Each year, the number of people visiting Japan has increased and one of the main attractions for many is to try authentic Japanese food. With the inclusions of Washoku on to the UNESCO’s List of Intangible Cultural Heritage in December 2013, interest in Washoku has increased all over the world.
UNESCO’s Intangible Cultural Heritage is defined as culture that is intangible, but that is intimately connected with the history of a region and its customs, such as performing arts or traditional crafts.
The following is an extract from the Ministry of Agriculture, Forestry, and Fisheries website: What is Washoku, the traditional food culture of the Japanese people that has been inscribed on UNESCO’s List of Intangible Cultural Heritage?
“Japan covers an extensive area from north to south and has four distinct seasons. The country has a large variety of natural features. The dietary cultures that emerged here developed in intimate relation with its natural environment. The eating customs that are based on the spirit of the Japanese people, who respect nature in such a way, are termed”.
In this article we will explain the four features of Washoku.
A rich variety of fresh ingredients and respect for their inherent flavors
The country of Japan extends over a long stretch of land from north to south and has a large variety of natural resources, such as the sea, mountains, and countryside. Because of this, each part of the country uses a unique variety of ingredients that have their roots in that particular region. Furthermore, cooking methods and utensils that take advantage of the flavors of these ingredients are also highly developed.
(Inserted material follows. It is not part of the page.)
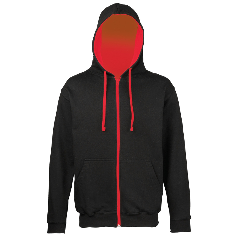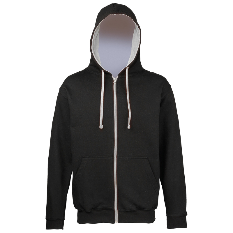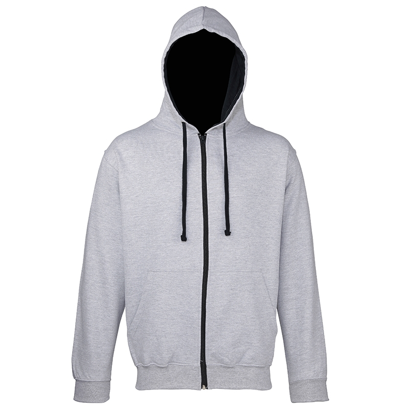 Sweatshirt mit Reißverschluss Varsity AWDis JH053. Doppelte Stoff Kapuzenpullover mit kontrastierendem Futter und kontrastierendem Kunststoff-Integralzip

A nutritional balance that supports healthy dietary cultures
The Japanese style of eating, which is based on one soup and three side dishes, is considered to provide an ideal nutritional balance. Also, through the skillful use of the umami flavor, Washoku is able to create a dietary culture that makes minimal use of animal fats, which serves a role in the longevity of the Japanese people and in the prevention of obesity.
Expressing the beauty of nature and seasonal changes
Expressing the beauty of nature and seasonal changes at the dinner table is also one of the characteristics of Washoku. Washoku enjoys seasonality by decorating dishes with seasonal flowers and leaves, along with using implements and plates that match the season.
An intimate relationship with New Year and other annual events
Japan’s dietary culture emerged through an intimate relationship with annual events. They strengthened family and regional bonds by spending mealtimes together and sharing meals, which are a blessing of nature.
Making an appeal to people from other countries by recognizing Washoku as an Intangible Cultural Heritage may have been one reason for its inscription on the UNESCO list. On the other hand, I feel that the move to preserve Washoku as a heritage could also mean that the Japanese people are starting to forget the dietary cultures that comprise Washoku.
Japan has the highest rate of food waste in the world. It is experiencing a decline in food self-sufficiency, a drop in temperature differences between the seasons due to climate change, and the weakening of interest in annual events. Could Washoku have come to be listed due to a sense of crisis that the people of today are discarding the dietary cultures that Japan has cultivated since ancient times?
Now may be a good time for us to reconsider the spirit of the Japanese people, who have lived in intimate connection with the abundance of nature that evolves from the country’s four seasons. While the actual lifestyles that people lead change with the times, we want to stay mindful of and maintain the spirit that lies at the base of Japan’s dietary cultures.